_Work required_: Your answer is the lines below, exactly, from the one that contains "Öğrenciler, her soru" through the one that contains "Светильник настольный REXANT", both included.

_Data listing_:

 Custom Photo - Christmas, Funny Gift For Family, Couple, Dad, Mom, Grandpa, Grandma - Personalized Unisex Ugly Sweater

* * *

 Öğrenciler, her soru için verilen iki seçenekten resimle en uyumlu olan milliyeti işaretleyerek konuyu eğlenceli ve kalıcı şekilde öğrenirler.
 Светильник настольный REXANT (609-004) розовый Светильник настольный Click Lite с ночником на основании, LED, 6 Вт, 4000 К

--

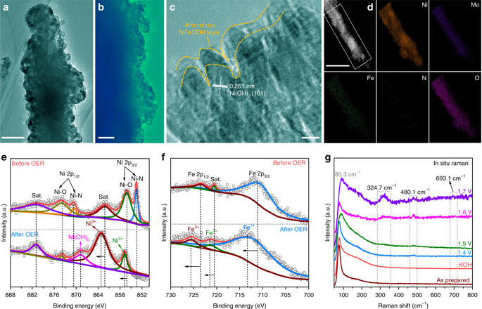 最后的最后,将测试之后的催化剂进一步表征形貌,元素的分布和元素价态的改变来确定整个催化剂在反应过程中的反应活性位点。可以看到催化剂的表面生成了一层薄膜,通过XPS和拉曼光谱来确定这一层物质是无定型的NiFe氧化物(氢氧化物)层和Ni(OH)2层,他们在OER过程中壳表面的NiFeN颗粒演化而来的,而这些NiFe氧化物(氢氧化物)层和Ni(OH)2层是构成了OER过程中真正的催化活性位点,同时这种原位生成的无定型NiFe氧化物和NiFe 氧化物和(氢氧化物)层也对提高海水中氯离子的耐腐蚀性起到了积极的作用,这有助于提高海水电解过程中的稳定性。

_Written answer_:
 Öğrenciler, her soru için verilen iki seçenekten resimle en uyumlu olan milliyeti işaretleyerek konuyu eğlenceli ve kalıcı şekilde öğrenirler.
 Светильник настольный REXANT (609-004) розовый Светильник настольный Click Lite с ночником на основании, LED, 6 Вт, 4000 К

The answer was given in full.